#### [EXERCISE]
The answer should be one number only, namely how many lines of the records hold the word "我与中华古籍".

─── SUPPLIED RECORDS ───

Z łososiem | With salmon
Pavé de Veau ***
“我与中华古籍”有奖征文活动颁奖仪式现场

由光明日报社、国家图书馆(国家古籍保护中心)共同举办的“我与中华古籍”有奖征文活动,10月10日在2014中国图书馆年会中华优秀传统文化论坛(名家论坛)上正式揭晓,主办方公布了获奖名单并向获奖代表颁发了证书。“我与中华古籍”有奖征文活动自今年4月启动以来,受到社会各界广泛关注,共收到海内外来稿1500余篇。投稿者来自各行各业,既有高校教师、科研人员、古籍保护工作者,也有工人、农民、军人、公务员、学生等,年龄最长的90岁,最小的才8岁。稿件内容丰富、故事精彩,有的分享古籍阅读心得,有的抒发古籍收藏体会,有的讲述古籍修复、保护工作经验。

───
─── SUPPLIED RECORDS ───

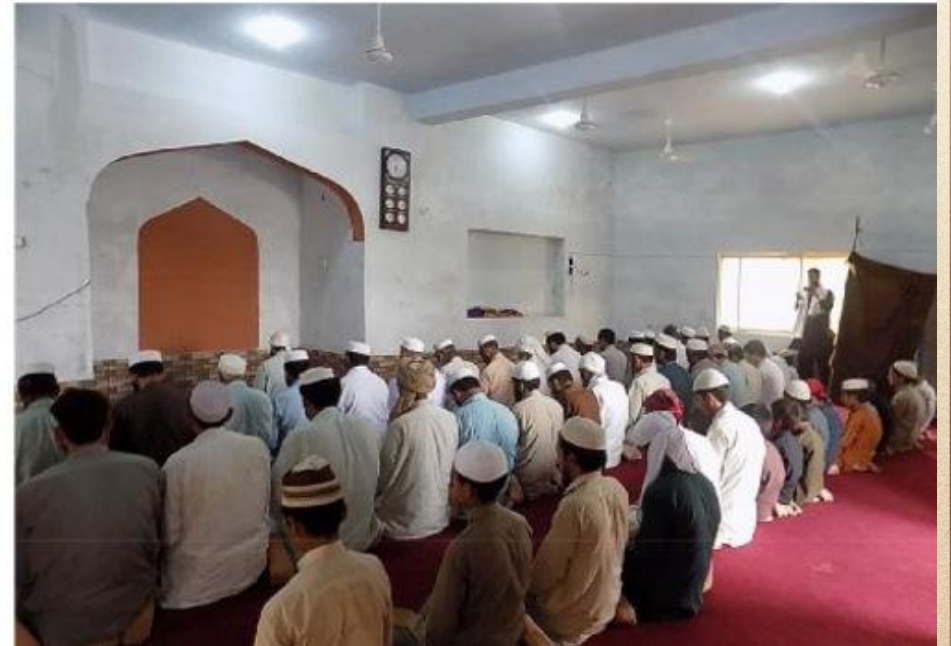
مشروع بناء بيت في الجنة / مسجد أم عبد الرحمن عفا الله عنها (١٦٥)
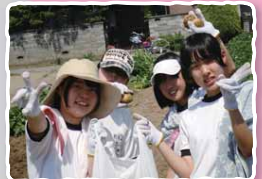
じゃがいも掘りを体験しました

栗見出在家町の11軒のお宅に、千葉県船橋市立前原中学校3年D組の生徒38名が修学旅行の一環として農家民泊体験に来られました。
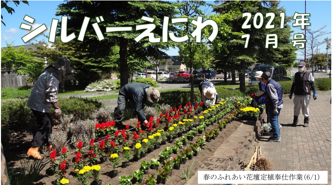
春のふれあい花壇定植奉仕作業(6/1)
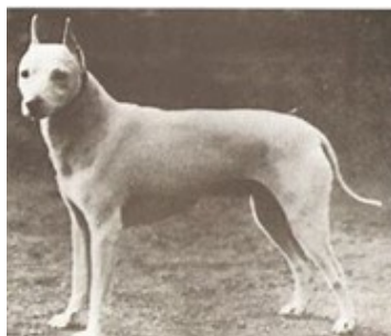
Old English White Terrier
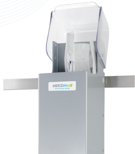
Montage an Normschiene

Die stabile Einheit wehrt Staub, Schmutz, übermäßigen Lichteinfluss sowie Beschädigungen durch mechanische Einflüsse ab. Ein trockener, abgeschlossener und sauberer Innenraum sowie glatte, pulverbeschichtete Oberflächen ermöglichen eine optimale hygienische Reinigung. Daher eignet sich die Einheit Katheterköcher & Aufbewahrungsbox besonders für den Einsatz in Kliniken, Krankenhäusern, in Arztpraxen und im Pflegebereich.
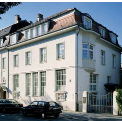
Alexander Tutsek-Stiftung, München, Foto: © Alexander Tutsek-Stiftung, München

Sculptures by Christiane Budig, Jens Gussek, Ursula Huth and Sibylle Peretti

───

#### [PROBLEM SOLUTION]
2